__Collected data__:
+ + +

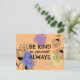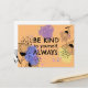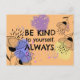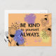 Vi presenterar en enastående vykortsdesign med anpassningsbarna: "BE TYP TILL DIG SJÄLV. ALLTID." Citatet är elegant skrivet i ett tryckt svart teckensnitt, kontrasterat mot en pulserande bakgrund som läggs till med konstnärliga lilor och gult-färgstänkar och penseldrag. Om du vill framhäva mönstret ytterligare, utsmyckar handritade blommor med känsliga svarta konturer bildligt sammansättningen, mot en mjuk bakgrund av mjuk orange.
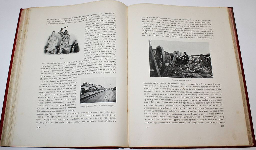 История Русско-Японской войны. [в 6 т.]. Том 3. Полная иллюстрированная история. Редакторы-издатели М.Е.Бархатов, В.В.Функе. СПб.: Тип. Р.Голике и А.Вильбор, [1907]. – [2], 503-800 с., ил. В коленкоровом иллюстрированном издательском переплете. Очень большой формат, 34х26.5 см. Фундаментальный труд М.Е. Бархатова и В.В. Функе, выпущенный в свет вскоре после окончания русско-японской войны. Авторы опирались как на официальные документы, так и на воспоминания непосредственных участников войны, устные предания. В издании впервые приводятся систематизированные статистические данные о русско-японской войне. Труд является важной вехой в развитии историографии русско-японской кампании 1904-1905 гг. Удовлетворительное состояние. Потертости переплета, реставрация корешка, утрата тит. листа, `мытые` отметки, загрязнения отдельных страниц от перелистывания.
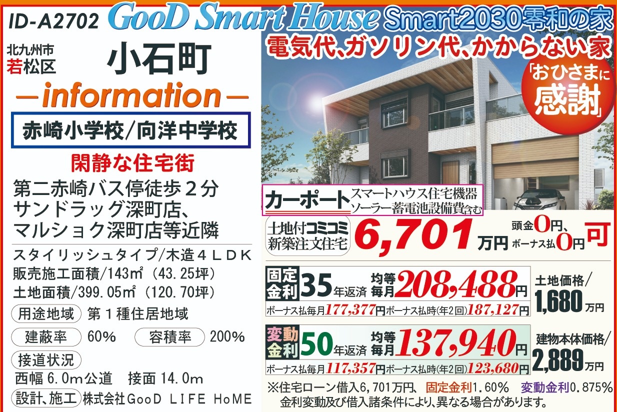 A2702小石町、スマートハウス202511 こだわり条件 エリア 価格 校区 新エネルギーシステム住宅 北九州市若松区 6,701万円 赤崎小 向洋中 【販売概要】土地+建物本体+ご提案住宅機器+敷地内上下水道工事+旧住宅基本解体工事+設計確認申請交付+消費税+さらに、オール電化+エコ給湯+ペアサッシ+高気密&高断熱+高耐震+GOODデザイン[含まれて無い物]外構工事+土木擁壁工事+敷地外給排水工事+銀行経費+登記費用+火災保険 この物件について問い合わせ 資料請求・ご質問等ございましたら、お気軽にお問い合わせください。 お名前必須 メールアドレス必須 お電話番号必須 ご住所必須 郵便番号 都道府県 都道府県 北海道 青森県 岩手県 宮城県 秋田県 山形県 福島県 茨城県 栃木県 群馬県 埼玉県 千葉県 東京都 神奈川県 新潟県 富山県 石川県 福井県 山梨県 長野県 岐阜県 静岡県 愛知県 三重県 滋賀県 京都府 大阪府 兵庫県 奈良県 和歌山県 鳥取県 島根県 岡山県 広島県 山口県 徳島県 香川県 愛媛県 高知県 福岡県 佐賀県 長崎県 熊本県 大分県 宮崎県 鹿児島県 沖縄県 市区町村、番地 建物名 郵便番号が入力されていません。 都道府県が選択されていません。 市区町村、番地が入力されていません。 お問い合わせ内容必須

+ + +

__Try it__:
Across the whole listing above, repeat each line exactly and leave out the images.

__Solution for this problem__:
 Vi presenterar en enastående vykortsdesign med anpassningsbarna: "BE TYP TILL DIG SJÄLV. ALLTID." Citatet är elegant skrivet i ett tryckt svart teckensnitt, kontrasterat mot en pulserande bakgrund som läggs till med konstnärliga lilor och gult-färgstänkar och penseldrag. Om du vill framhäva mönstret ytterligare, utsmyckar handritade blommor med känsliga svarta konturer bildligt sammansättningen, mot en mjuk bakgrund av mjuk orange.
 История Русско-Японской войны. [в 6 т.]. Том 3. Полная иллюстрированная история. Редакторы-издатели М.Е.Бархатов, В.В.Функе. СПб.: Тип. Р.Голике и А.Вильбор, [1907]. – [2], 503-800 с., ил. В коленкоровом иллюстрированном издательском переплете. Очень большой формат, 34х26.5 см. Фундаментальный труд М.Е. Бархатова и В.В. Функе, выпущенный в свет вскоре после окончания русско-японской войны. Авторы опирались как на официальные документы, так и на воспоминания непосредственных участников войны, устные предания. В издании впервые приводятся систематизированные статистические данные о русско-японской войне. Труд является важной вехой в развитии историографии русско-японской кампании 1904-1905 гг. Удовлетворительное состояние. Потертости переплета, реставрация корешка, утрата тит. листа, `мытые` отметки, загрязнения отдельных страниц от перелистывания.
 A2702小石町、スマートハウス202511 こだわり条件 エリア 価格 校区 新エネルギーシステム住宅 北九州市若松区 6,701万円 赤崎小 向洋中 【販売概要】土地+建物本体+ご提案住宅機器+敷地内上下水道工事+旧住宅基本解体工事+設計確認申請交付+消費税+さらに、オール電化+エコ給湯+ペアサッシ+高気密&高断熱+高耐震+GOODデザイン[含まれて無い物]外構工事+土木擁壁工事+敷地外給排水工事+銀行経費+登記費用+火災保険 この物件について問い合わせ 資料請求・ご質問等ございましたら、お気軽にお問い合わせください。 お名前必須 メールアドレス必須 お電話番号必須 ご住所必須 郵便番号 都道府県 都道府県 北海道 青森県 岩手県 宮城県 秋田県 山形県 福島県 茨城県 栃木県 群馬県 埼玉県 千葉県 東京都 神奈川県 新潟県 富山県 石川県 福井県 山梨県 長野県 岐阜県 静岡県 愛知県 三重県 滋賀県 京都府 大阪府 兵庫県 奈良県 和歌山県 鳥取県 島根県 岡山県 広島県 山口県 徳島県 香川県 愛媛県 高知県 福岡県 佐賀県 長崎県 熊本県 大分県 宮崎県 鹿児島県 沖縄県 市区町村、番地 建物名 郵便番号が入力されていません。 都道府県が選択されていません。 市区町村、番地が入力されていません。 お問い合わせ内容必須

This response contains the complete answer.